Они говорили о нем по дороге в школу, говорили по дороге домой. И друг у друга в гостях они перебирали впечатления дня, как драгоценные фотографии. В душе Виктория была уверена, что Андрей отдает предпочтение ей, Вике. Ее зачислили в школьную баскетбольную команду. Теперь они виделись с Андреем на тренировках. В классе у них появилась общая тема, отделяющая их от всех, — баскетбол. Когда Марина уходила на английский, Вика с Андреем отправлялись на немецкий. Но перед Мариной Вика не раскрывала своих явных преимуществ. Щадила чувства подруги. И когда после школьного вечера он пошел их провожать, Виктория не выражала бурного ликования. Оценила и такт Андрея — они шли втроем, всю дорогу он смешил их и ничем не выделял Вику.
Когда Виктория вошла домой и убедилась, что родители спят, решила спуститься к Марине, чтобы хоть минуточку поговорить с той об Андрее. Она выскользнула из коридора в подъезд и даже не успела защелкнуть замок — услышала приглушенный голос Андрея на лестничной клетке между Викиным и Марининым этажами.
— Ты мне очень нравишься, ты классная девчонка. Я никогда не встречал таких, — говорил Андрей.

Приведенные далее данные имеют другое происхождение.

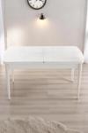 Kaktüs Avm Sera Beyaz 80 X 132 Açılabilen Sunta Masa Beyaz Metal Ayaklı Mutfak Masası 6 Krem Desen Sandalye

Сердце Виктории бешено застучало. Ему стало тесно в груди, и оно норовило выпрыгнуть. В первую секунду она даже не усомнилась, что Андрей обращается к ней. Она не поразилась тому, как он мог догадаться, что она вышла в подъезд. Говорят же, что у любви особенные глаза.
— В нашем классе ты самая необычная, — продолжал он. Вика мысленно согласилась с ним: да, так оно и есть.
Она не похожа на остальных.
— Когда я пришел в ваш класс, то сразу увидел тебя.
Ну да, так оно и было. Она во все глаза смотрела на него и улыбалась.
— Ты стояла у доски и писала условие задачи…
Вот тут-то Викторию и поразило громом небесным. Она-то сидела на Камчатке, а у доски стояла Марина и доказывала теорему! Этот момент Вика вспомнила так ясно, что могла с точностью перечислить все детали. До Виктории медленно доходило, что вовсе не ей признаются в любви. Она стояла как истукан в темноте подъезда и слушала.
— Ты тоже классный парень, — наконец подала голос Марина. — Как будто сто лет с нами учишься.
— Давай с тобой встречаться, — сказал он.
Эти слова больно ударили Вику. Марина молчала, а у Виктории за секунды ее молчания руки стали влажными. Вике даже показалось, что она оглохла — тишина звенела в ушах.
— Жаль тебя огорчать, — наконец заговорила Марина. — Ты клевый парень, но.., вынуждена тебе отказать.
Кровь застучала у Вики в ушах. Она представила, что Марина скажет: «Потому что ты нравишься Вике». Тогда она провалится на первый этаж. Но услышала:
— Потому что.., мне нравится другой.
Вика зашла в коридор и прислонилась спиной к двери. Так без движения она отрешенно слушала, как хлопнула дверь в подъезде — ушел Андрей, как щелкнул замок внизу — Марина вошла в квартиру. Вика бросилась на постель и стала плакать в подушку. Первые слезы, пролитые из-за мужчины… Этажом ниже так же горько плакала Марина. Странно, но Вику это несколько утешало.
— Я все слышала, — объявила она утром, когда Марина зашла за ней.
— Давай больше не будем говорить о нем, — предложила Марина.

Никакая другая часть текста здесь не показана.